### DATA PROVIDED
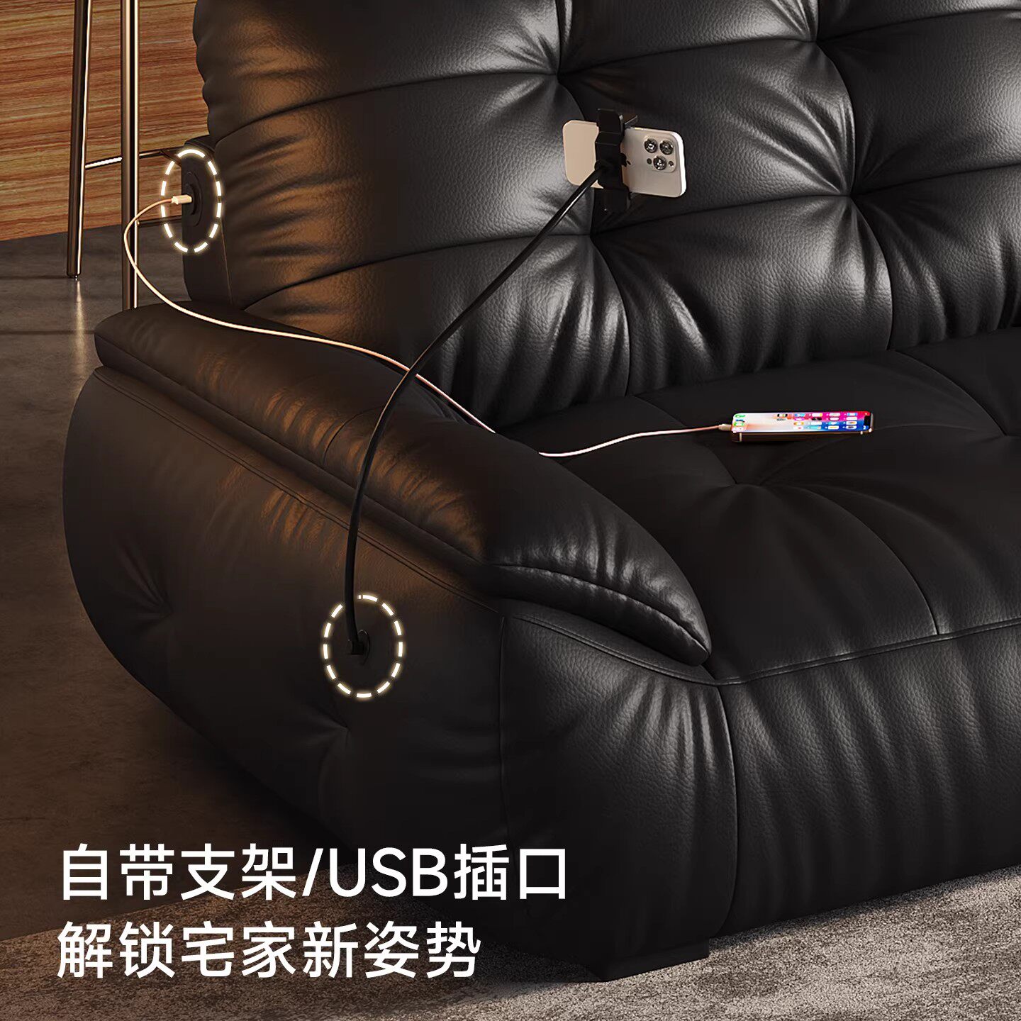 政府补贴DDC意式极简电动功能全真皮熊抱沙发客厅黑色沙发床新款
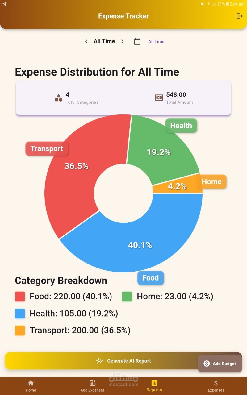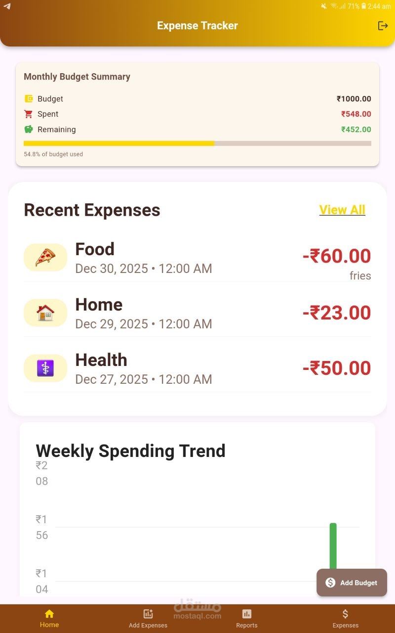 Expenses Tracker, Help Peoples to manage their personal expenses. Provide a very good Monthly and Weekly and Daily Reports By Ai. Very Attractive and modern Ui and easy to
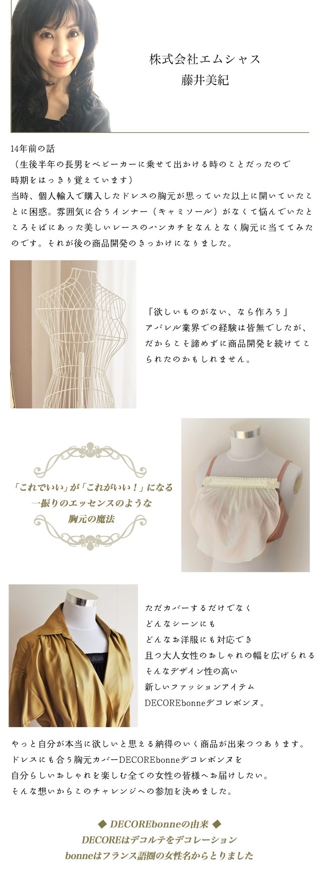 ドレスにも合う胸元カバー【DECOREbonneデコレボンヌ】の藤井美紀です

---

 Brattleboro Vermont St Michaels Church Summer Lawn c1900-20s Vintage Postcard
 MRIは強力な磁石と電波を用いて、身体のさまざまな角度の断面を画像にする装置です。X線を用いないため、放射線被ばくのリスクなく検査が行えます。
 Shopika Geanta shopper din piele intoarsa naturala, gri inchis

...

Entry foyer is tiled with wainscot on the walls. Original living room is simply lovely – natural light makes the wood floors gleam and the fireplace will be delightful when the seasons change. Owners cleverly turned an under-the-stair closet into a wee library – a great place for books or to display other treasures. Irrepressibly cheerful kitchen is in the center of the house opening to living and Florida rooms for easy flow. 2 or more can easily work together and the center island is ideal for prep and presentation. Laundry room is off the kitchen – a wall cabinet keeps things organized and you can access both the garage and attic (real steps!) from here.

### PROBLEM DETAILS
Reproduce exactly the stretch of the material above that starts at the line with "Brattleboro Vermont St" and ends at the line with "Shopika Geanta shopper", both included, and nothing else.

### OUTPUT FOR THIS TASK
 Brattleboro Vermont St Michaels Church Summer Lawn c1900-20s Vintage Postcard
 MRIは強力な磁石と電波を用いて、身体のさまざまな角度の断面を画像にする装置です。X線を用いないため、放射線被ばくのリスクなく検査が行えます。
 Shopika Geanta shopper din piele intoarsa naturala, gri inchis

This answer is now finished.